Since our rival’s disintegration and a free run at qualification Celtic gave qualified for the group stages only twice, both under Brendan Rodgers. Every year players were sold before replacements were identified and far too often the qualifiers were expected to be negotiated with gaps in the team or players who were strangers to each other by the time the action began.

As such the low hanging fruit of Champions League millions were lost year after year. That doesn’t smack of a good football strategy and it even questions the chief executive’s accountancy capabilities when such manageable funds have been squandered. In the last seven years we have passed up the opportunity of the financial equivalent to the sale of five Kieran Tierneys. To not change tack at any point moves from the caution of an accountant to near sabotage.

Celtic have had domestic success of course but for Celtic that should never be enough, we are a club of great European History and it is that environment we should be benchmarking ourselves. Too many in recent days have conveniently overlooked that in assessing the success of the outgoing Chief Executive it is something that simply cannot be ignored.

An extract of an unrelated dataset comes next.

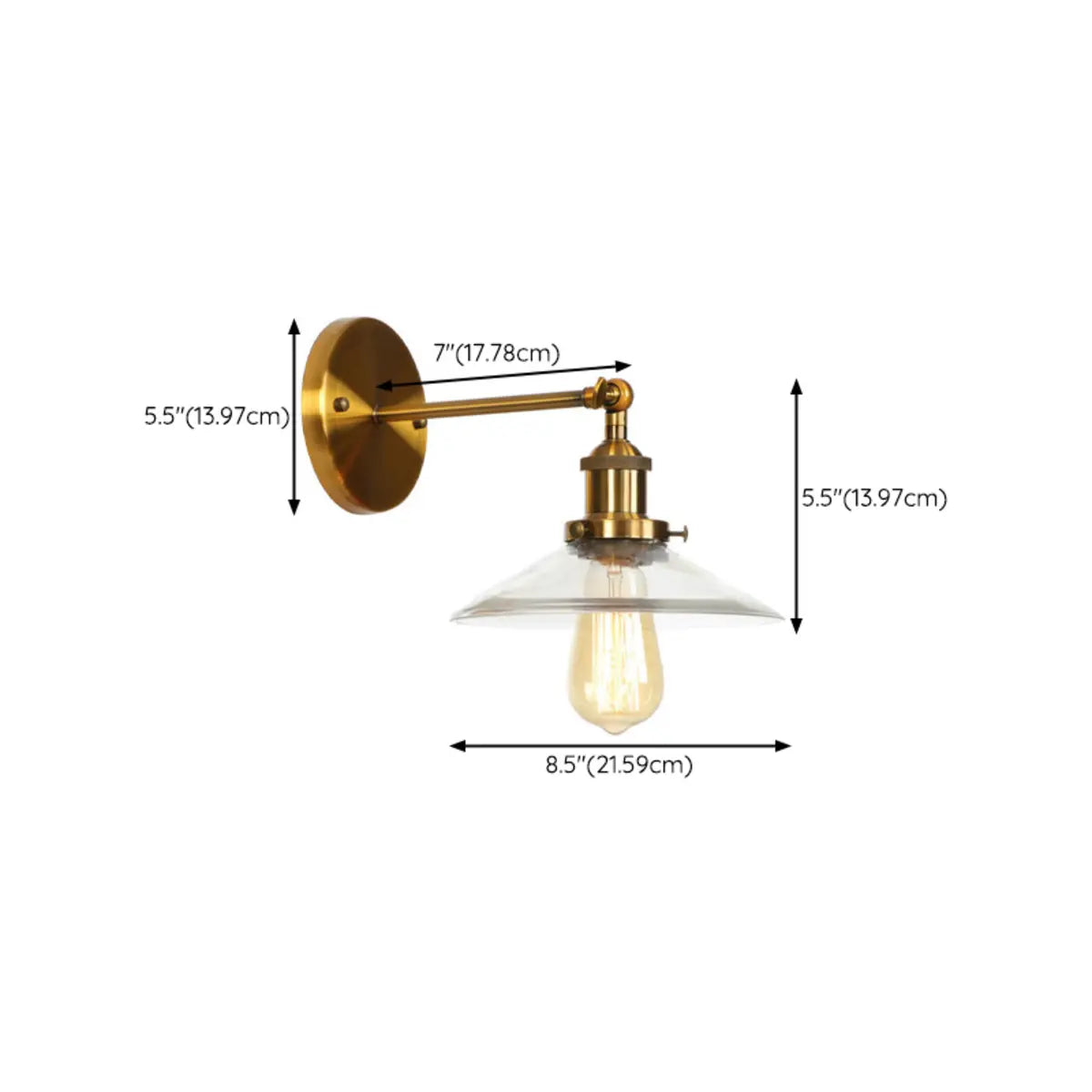 ZOWALA - Industrial Gold Clear Glass Cone Wall Light

As too has his lack of communication. Lawwell had a trusted few in the media and even a couple on Celtic blogs, places where he could drop a story or test the water but the communication with the support is outdated and out of touch, culminating this year in PR disasters aplenty.

The truth of the matter is Peter Lawwell has historically been good for Celtic unfortunately the window of opportunity for growing the club as a European player was missed as we preferred to sit tight and wait for the return of a rival and the safety of a rivalry that although profitable is so short-sighted.

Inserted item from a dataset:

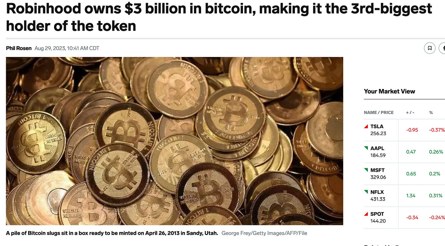 Robinhood 3 тэрбум долларын биткойнтой болж таарсан.

Celtic had a chance to gain a march on old foes, instead we facilitated their return and we squandered ambition for the safety net of a two-tribe footballing culture. History will show that Peter Lawwell oversaw that missed opportunity and that he should have left his post and moved aside for someone with a European vision in 2012. Instead, he stayed, held out a hand and pulled a rival back to its feet, one who is now overtaking us only eight years since they ceased to be.

When we look back at Peter Lawwell’s time at Celtic we see a man who played an important role in getting the club on an even keel and attracted commercial success, but we also see a man who treated the fans with some amount of disrespect, refused far too often to defend our corner, had no plan, nor it would appear appetite, for European progression, and one than ably assisted a rival to ensure a long stale status quo was maintained.

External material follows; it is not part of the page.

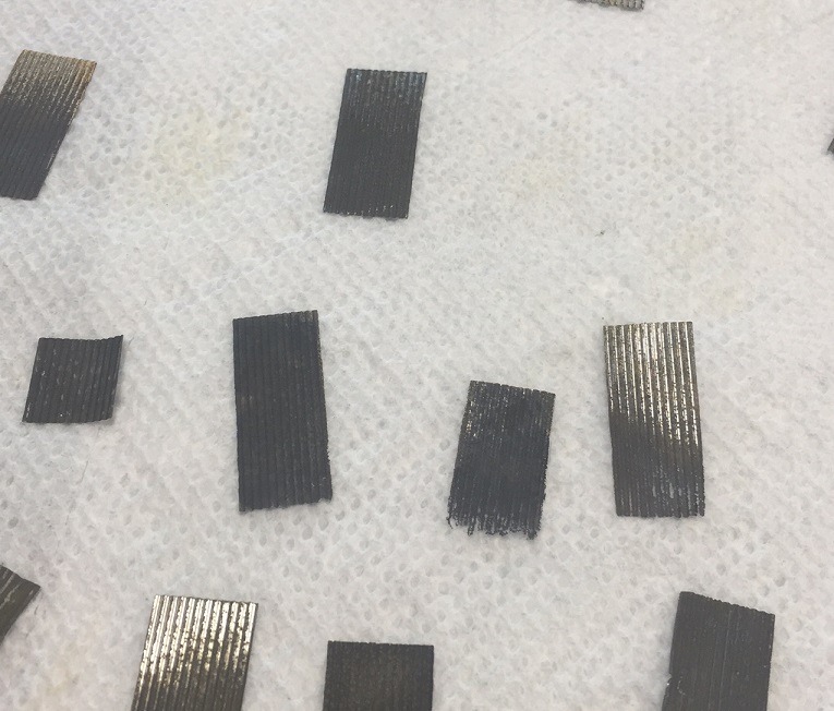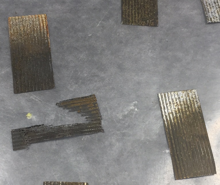 7 - At this point, you have about 5-10 seconds to fish that panel out of the solution and to drop it into the first bowl of water. The longer you leave the panel in the solution as its "sizzling", the more it will turn the panel blacker...to the point where it starts to disintegrate. I let a few of the panels reach the disintegration point which I show in the pictures. Once you've fished a sizzling panel out of the Etchant with your tweezers, continue to hold some of the panels in your tweezers above the bowl of water until the sizzling has stopped...then drop it in the water. By doing this, it will give you a different weathering effect then if you drop a panel in the bowl of water while it is still sizzling.

For me, Peter Lawwell overstayed his welcome at Celtic by some eight on nine years and although that does not delete his worth to Celtic earlier in his reign, it shouldn’t be ignored entirely to allow a revisionist approach as he announces his retirement. And I’m sorry Scott Brown, there certainly is nothing to suggest from our CEO’s time holding the purse strings to warrant the erection of a statue on the Celtic Way. For me he’s hung round long enough.

Niall J

About Author

As a Bellshill Bhoy I was taken to my first Celtic game in the summer of 1987. It was Billy McNeill’s return to Celtic Park as manager and Celtic lost 5-1 to Arsenal . I thought I was a jinx, I think my Grandfather might have thought the same. It was finest gift anyone ever gave me when he walked me through Parhead's gates.